Actuellement, c’est le règne de la confusion. On a, d’un côté, des débats politiques très forts entre l’Etat et les départements et, de l’autre côté, une militance très importante, tant chez les avocats ou les magistrats que dans des associations en faveur des MNA [mineurs non accompagnés]. Intervenir dans ce climat émotionnel extrêmement conflictuel et un peu exacerbé pose un certain nombre de difficultés. Ce à quoi s’ajoute une multiplication des dossiers qui concernent les MNA. Preuve en est à la cour d’appel de Paris, qui, en cinq ans, a vu la part de ces dossiers passer de 5 % à 25 %, alors que l’activité générale de la cour a été multipliée seulement par deux (de 500 à plus de 1 100 dossiers). Une spécificité qui n’a pas d’impact sur les jugements car, pour le juge des enfants, la problématique n’est pas que le jeune soit accompagné ou non, mais, primo : « le jeune est-il mineur ? », secundo : « est-il en danger ? » et, tertio : « comment peut-on pallier le danger ? ». Après qu’il soit d’origine française, étrangère ou autre, cela ne change rien.

En tant que magistrat, vous défendez un positionnement très tranché et personnel sur la place du juge des enfants. Quel est-il ?

Le problème est que, aujourd’hui, on fait jouer aux juges des enfants un rôle qui se situe entre la politique migratoire et l’arbitrage entre l’Etat et le département. Cela n’est pas sain, car ce n’est pas notre boulot. Notre travail en assistance éducative est d’intervenir pour prendre des mesures de protection.
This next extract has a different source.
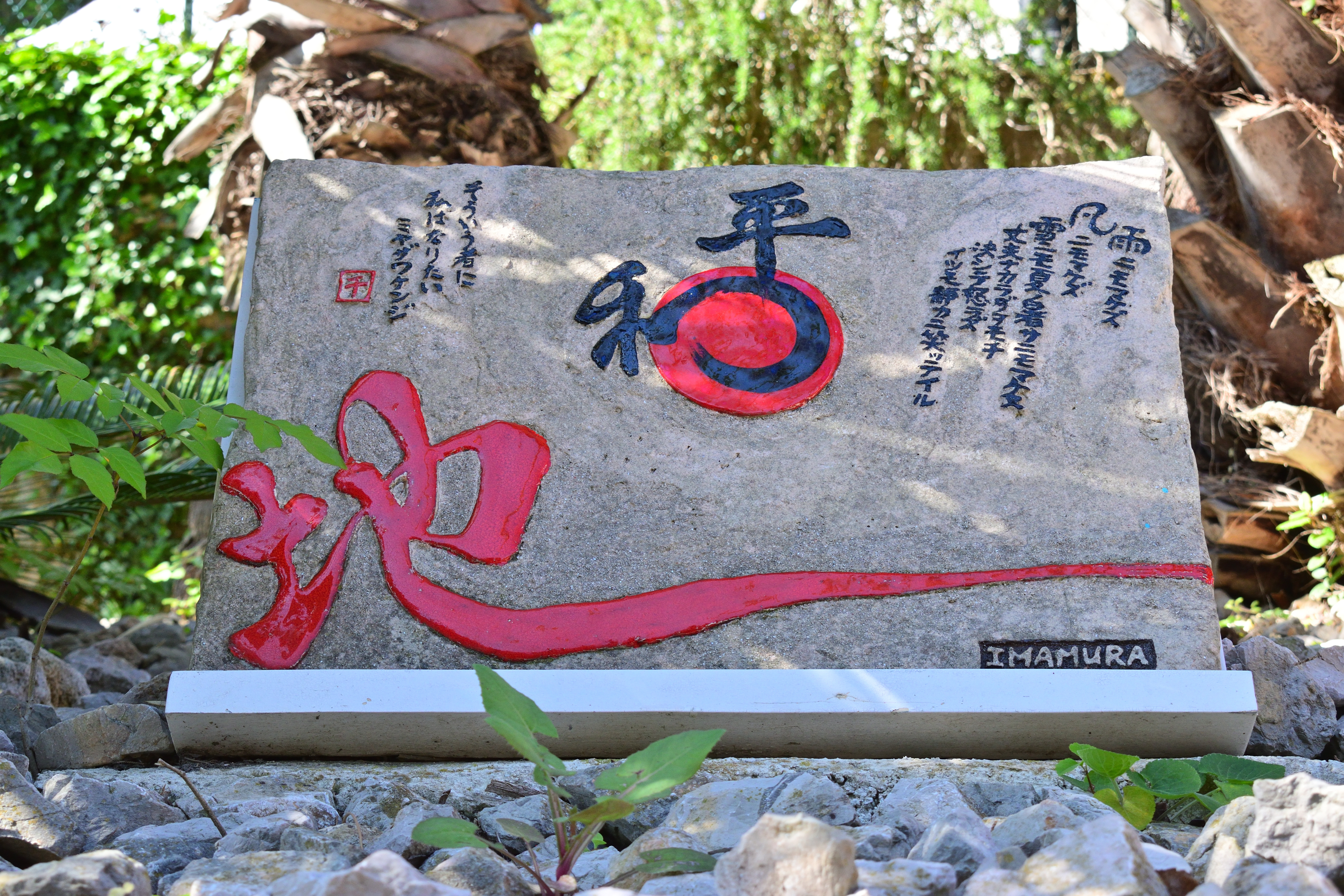 右側の石垣の上には、なんと宮沢賢治の詩が書かれた石碑が飾られていた。 まさかここで宮沢賢治と出会うとは思ってもみなかったので驚きだ。

Quand ces mesures portent atteinte aux droits des parents ou aux droits des enfants, c’est le rôle de l’autorité judiciaire, garante des libertés individuelles.

Aujourd’hui, nous avons des intéressés qui sont demandeurs, qui n’ont pas de représentant légal en France. Pour moi, cela ne relève donc pas du juge des enfants mais du juge des tutelles. Alors, sans doute faut-il que le juge des enfants intervienne dans un temps court lorsqu’il n’y a pas encore de représentant légal désigné auprès du jeune. Mais après, c’est le maintenir dans une situation d’enfant en danger sans représentant légal. De plus, on va déléguer une partie de l’autorité parentale au département, ce qui n’est pas possible juridiquement. Cet élément nous amène encore à nous décaler par rapport à notre rôle et à faire des choses que la loi n’autorise pas.

Durant votre prise de parole, vous avez dénoncé le militantisme des professionnels qui, selon vous, dessert les mineurs non accompagnés…

Effectivement, c’est souvent le cas. Par exemple, lorsque des associations vont tenter d’obtenir, vaille que vaille, un jugement supplétif pour renforcer le poids d’un extrait d’acte de naissance, cela va parfois à l’encontre du jeune. Bien que le juge n’ait pas toujours besoin d’un tel jugement, il arrive que l’on se rende compte que ce document a été demandé par le père de l’intéressé, dans le pays d’origine, un père dont on nous a dit qu’il était mort et que son décès était à l’origine de la migration. Donc cette démarche ne sert pas le jeune, bien au contraire. Personnellement, j’ai vu nombre de mineurs arriver avec des documents d’identité obtenus avec l’aide d’une association ou d’un service éducatif auquel ils avaient été confiés et qui comportent une empreinte digitale, alors que le document a été fait dans le pays d’origine à un moment où le jeune n’y était pas. Donc cela ne peut pas être son empreinte et c’est un faux. A certain moment, il faut être vigilant car le cœur devient tellement gros qu’il vous bouche les yeux. Ce militantisme fait que chacun est décalé par rapport à sa place institutionnelle. Nous, juges des enfants, nous avons subi des attaques qui remettaient en cause notre intégrité car nos décisions ne convenaient pas notamment aux associations. Aujourd’hui, il faut que l’on se reparle les uns et les autres pour se rappeler les règles qui régissent ce domaine. Il ne faut pas oublier que quand on est dans l’exercice d’une fonction, on est sous un cadre. L’implication est une chose, le militantisme en est une autre.